▶ **Collected material**
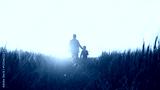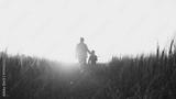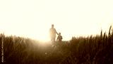 Farmer and his son in front of a sunset agricultural landscape. Man and a boy in a countryside field. Fatherhood, country life, farming and country lifestyle.
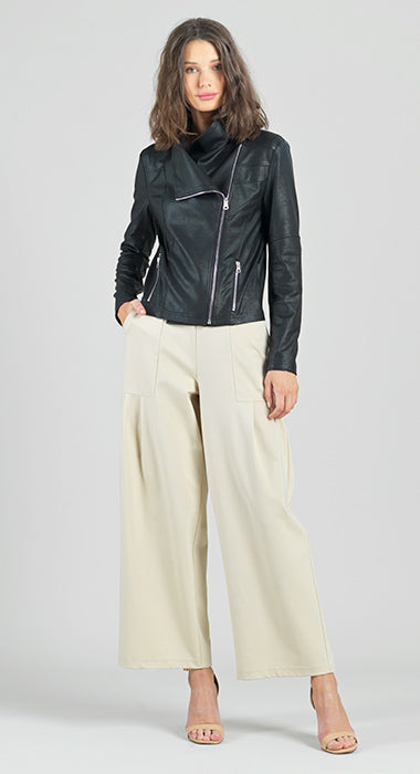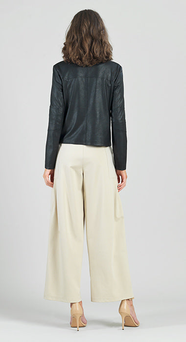 Liquid Leather Drape Neck Jacket w/Stitch Details. 95% Polyester, 5% Spandex.
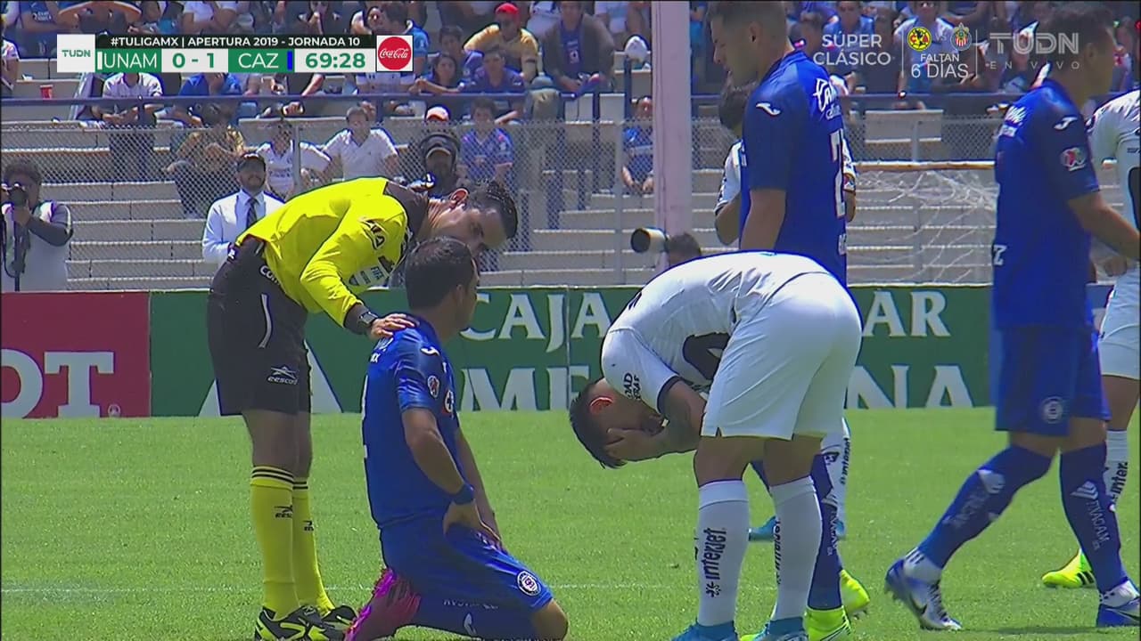 El volante de contención de Cruz Azul se golpeó con el delantero de Pumas en un salto disputando la pelota.

▶ **Your objective**
Recopy the full listing exactly, passing over any picture.

▶ **Response**
 Farmer and his son in front of a sunset agricultural landscape. Man and a boy in a countryside field. Fatherhood, country life, farming and country lifestyle.
 Liquid Leather Drape Neck Jacket w/Stitch Details. 95% Polyester, 5% Spandex.
 El volante de contención de Cruz Azul se golpeó con el delantero de Pumas en un salto disputando la pelota.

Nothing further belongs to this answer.